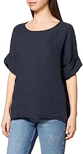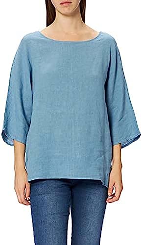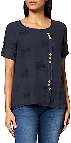 Bonateks Dam tunika 100% linne tillverkad i Italien, rund hals topp med knappar och halvärmar, marinblå, storlek: S, Marin, S
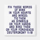 Conserte estas minhas palavras em seus corações e mentes; amarre-as como símbolos em suas mãos e as amarre em suas testa. Deuteronomia 11:18
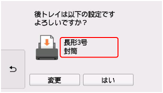 表示された用紙のサイズと種類が、後トレイにセットした封筒と同じであれば[はい]を選ぶ

> Exercise goal: Print the complete listing exactly as it stands, without its pictures.

> Solution to the problem:
 Bonateks Dam tunika 100% linne tillverkad i Italien, rund hals topp med knappar och halvärmar, marinblå, storlek: S, Marin, S
 Conserte estas minhas palavras em seus corações e mentes; amarre-as como símbolos em suas mãos e as amarre em suas testa. Deuteronomia 11:18
 表示された用紙のサイズと種類が、後トレイにセットした封筒と同じであれば[はい]を選ぶ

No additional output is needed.